_What needs to be done:_ Restate, exactly and without pictures, the lines from the start of the listing below through the line holding "34092 was constructed".

_Data segment:_

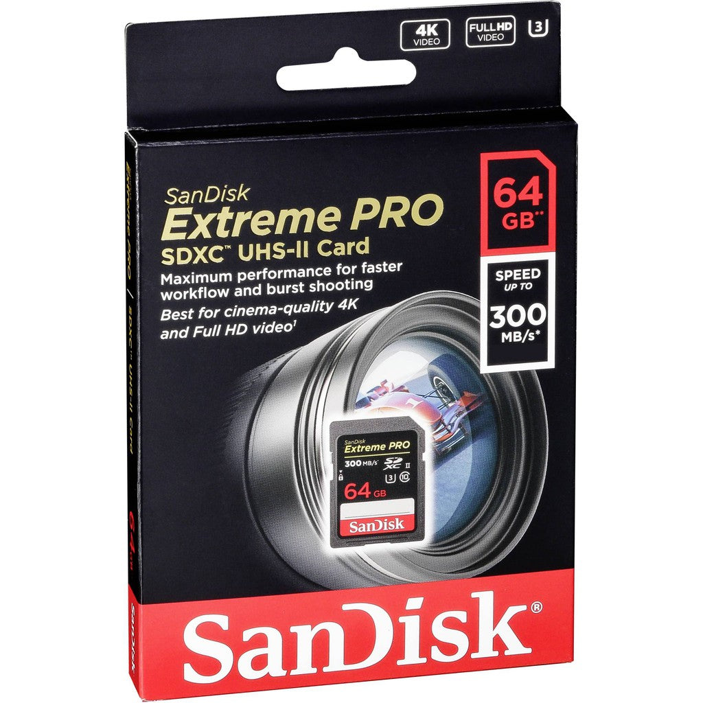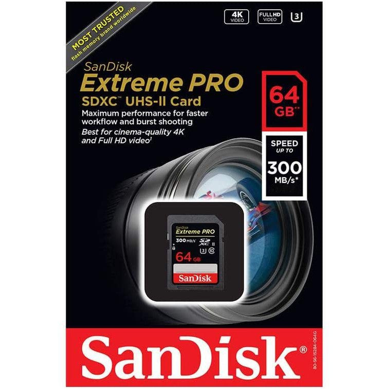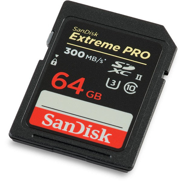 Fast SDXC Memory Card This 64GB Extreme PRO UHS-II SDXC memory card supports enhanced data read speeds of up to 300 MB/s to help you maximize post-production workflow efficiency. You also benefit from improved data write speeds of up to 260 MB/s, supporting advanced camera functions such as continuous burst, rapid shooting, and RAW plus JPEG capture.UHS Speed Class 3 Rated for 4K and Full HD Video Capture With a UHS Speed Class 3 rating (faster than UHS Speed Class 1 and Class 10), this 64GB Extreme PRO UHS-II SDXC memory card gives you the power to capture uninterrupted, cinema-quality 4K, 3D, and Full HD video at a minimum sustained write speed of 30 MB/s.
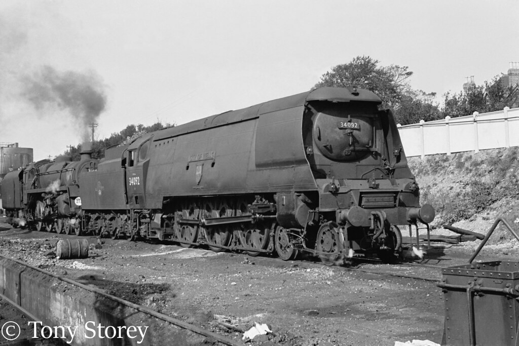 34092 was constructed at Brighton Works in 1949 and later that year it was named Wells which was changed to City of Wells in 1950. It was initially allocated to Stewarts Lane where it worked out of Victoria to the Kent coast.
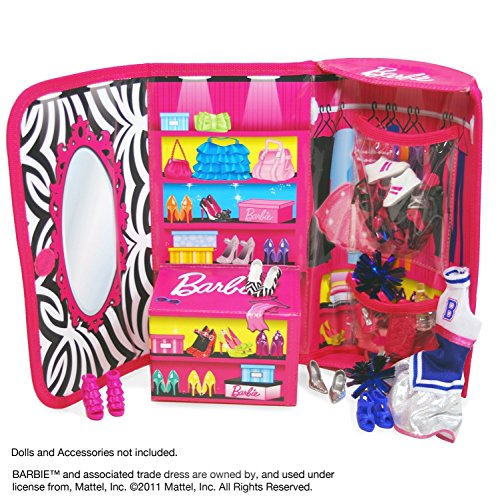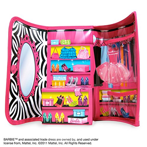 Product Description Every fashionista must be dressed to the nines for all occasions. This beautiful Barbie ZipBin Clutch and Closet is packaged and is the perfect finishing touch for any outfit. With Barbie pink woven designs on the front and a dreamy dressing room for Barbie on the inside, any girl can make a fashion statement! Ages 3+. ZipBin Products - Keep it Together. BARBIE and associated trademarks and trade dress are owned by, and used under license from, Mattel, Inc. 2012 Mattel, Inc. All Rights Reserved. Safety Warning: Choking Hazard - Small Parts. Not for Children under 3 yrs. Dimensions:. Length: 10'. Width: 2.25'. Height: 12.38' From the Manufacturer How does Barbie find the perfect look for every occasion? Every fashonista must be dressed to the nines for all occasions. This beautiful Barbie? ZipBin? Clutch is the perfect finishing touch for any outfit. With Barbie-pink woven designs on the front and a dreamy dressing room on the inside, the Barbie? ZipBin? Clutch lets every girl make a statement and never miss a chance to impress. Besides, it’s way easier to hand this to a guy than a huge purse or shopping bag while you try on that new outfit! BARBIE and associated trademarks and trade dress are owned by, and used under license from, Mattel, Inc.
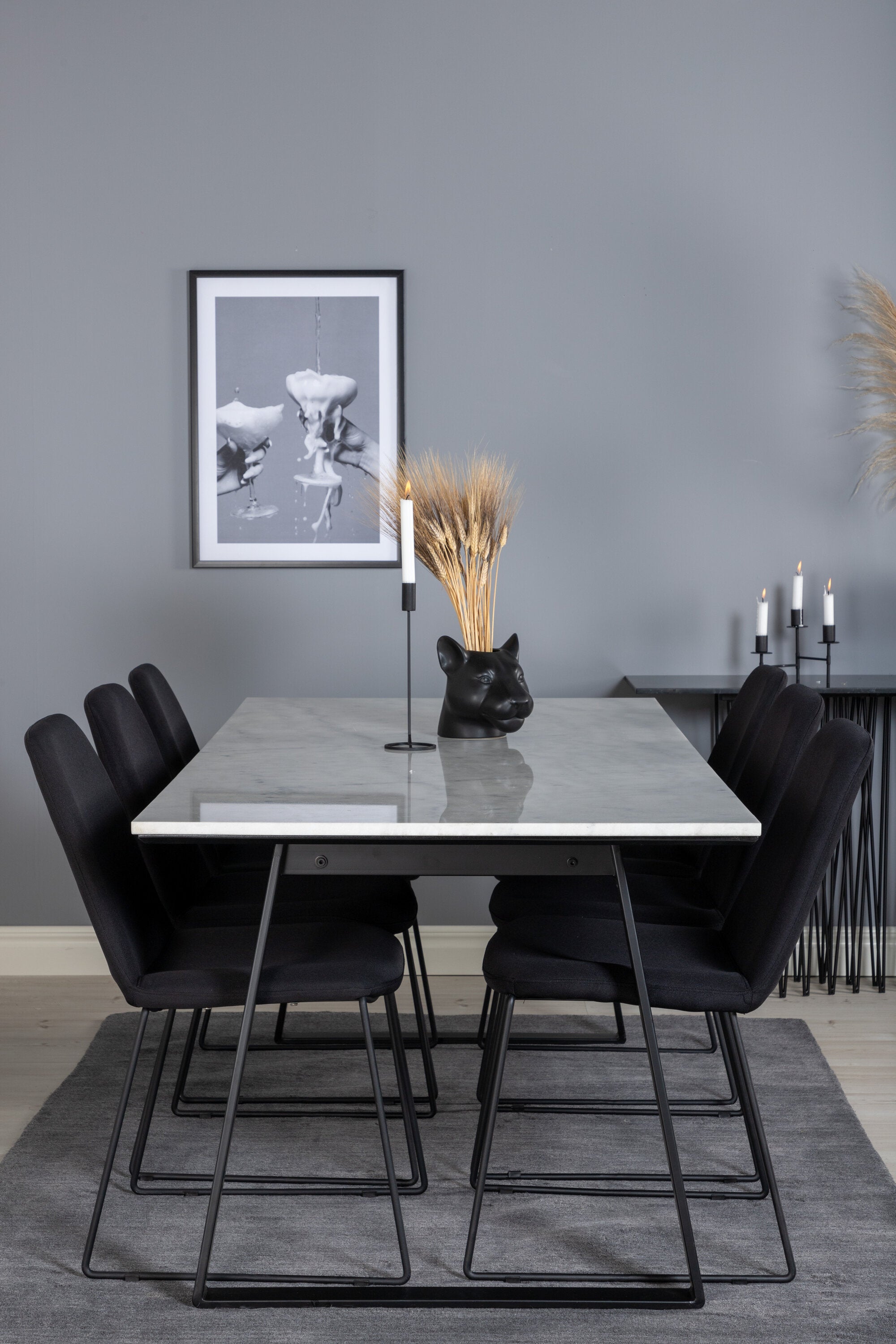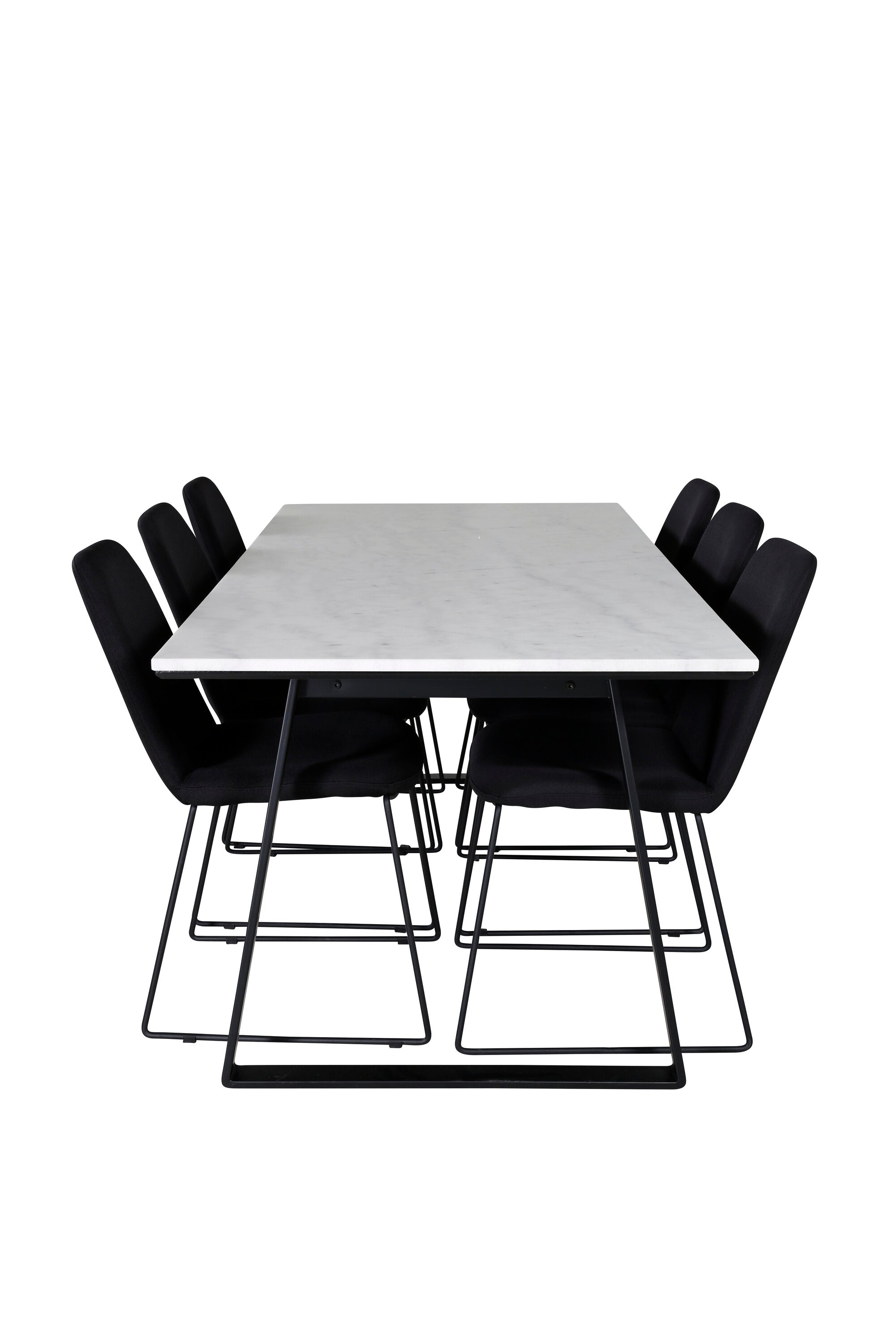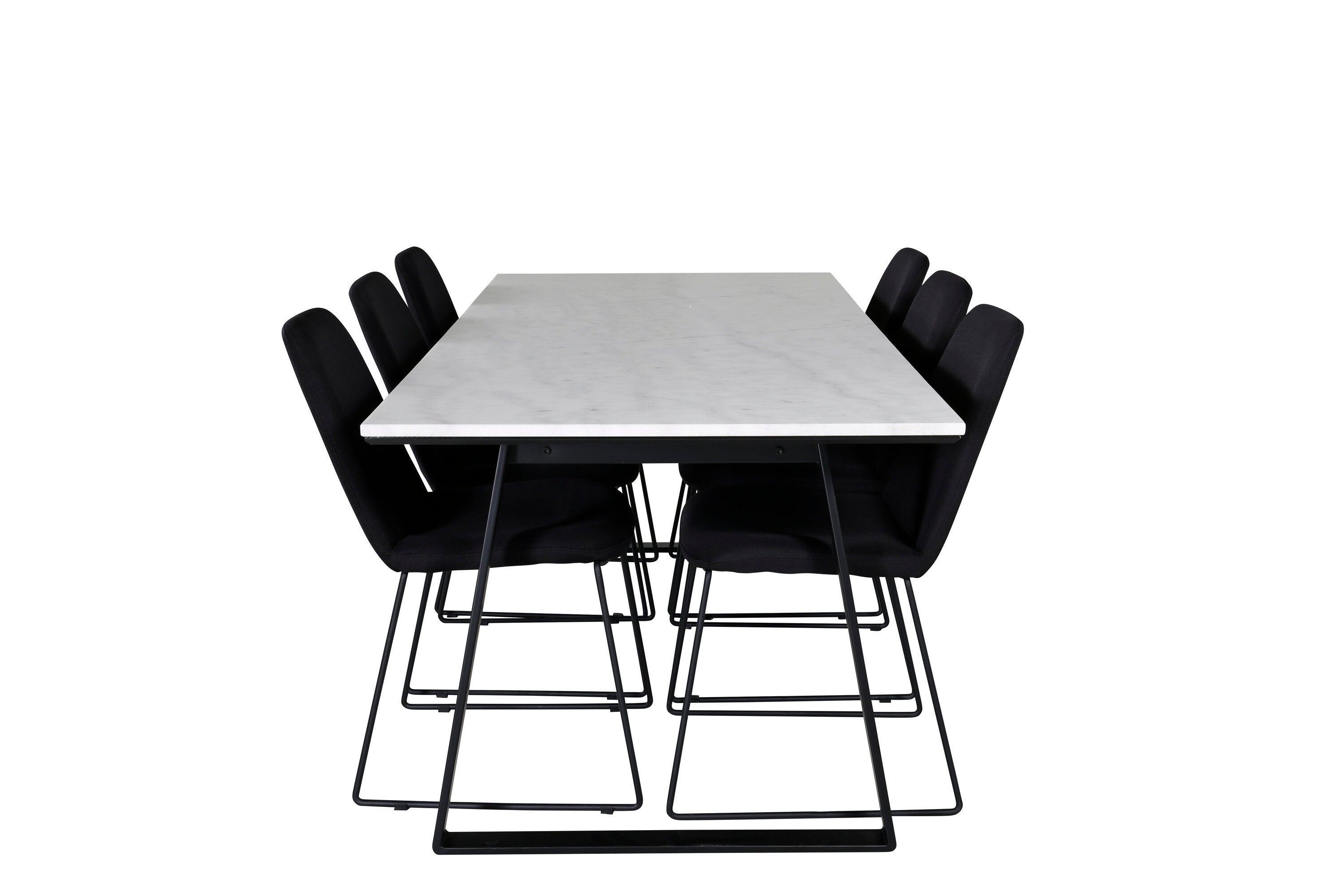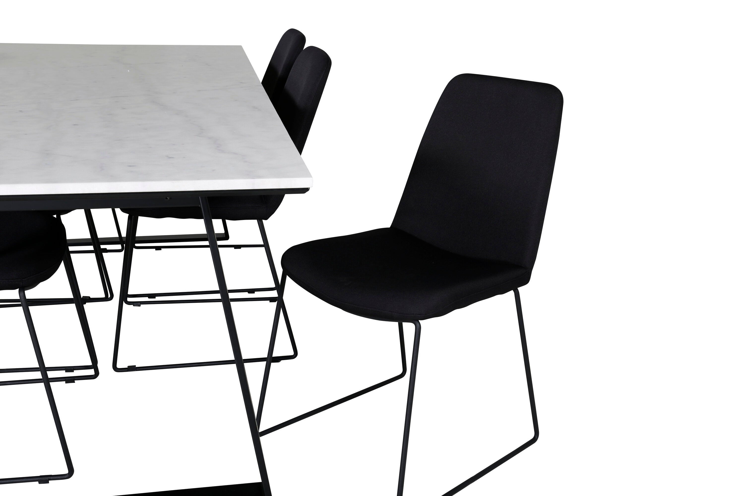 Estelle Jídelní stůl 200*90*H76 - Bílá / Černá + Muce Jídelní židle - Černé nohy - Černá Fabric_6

_Answer box:_
 Fast SDXC Memory Card This 64GB Extreme PRO UHS-II SDXC memory card supports enhanced data read speeds of up to 300 MB/s to help you maximize post-production workflow efficiency. You also benefit from improved data write speeds of up to 260 MB/s, supporting advanced camera functions such as continuous burst, rapid shooting, and RAW plus JPEG capture.UHS Speed Class 3 Rated for 4K and Full HD Video Capture With a UHS Speed Class 3 rating (faster than UHS Speed Class 1 and Class 10), this 64GB Extreme PRO UHS-II SDXC memory card gives you the power to capture uninterrupted, cinema-quality 4K, 3D, and Full HD video at a minimum sustained write speed of 30 MB/s.
 34092 was constructed at Brighton Works in 1949 and later that year it was named Wells which was changed to City of Wells in 1950. It was initially allocated to Stewarts Lane where it worked out of Victoria to the Kent coast.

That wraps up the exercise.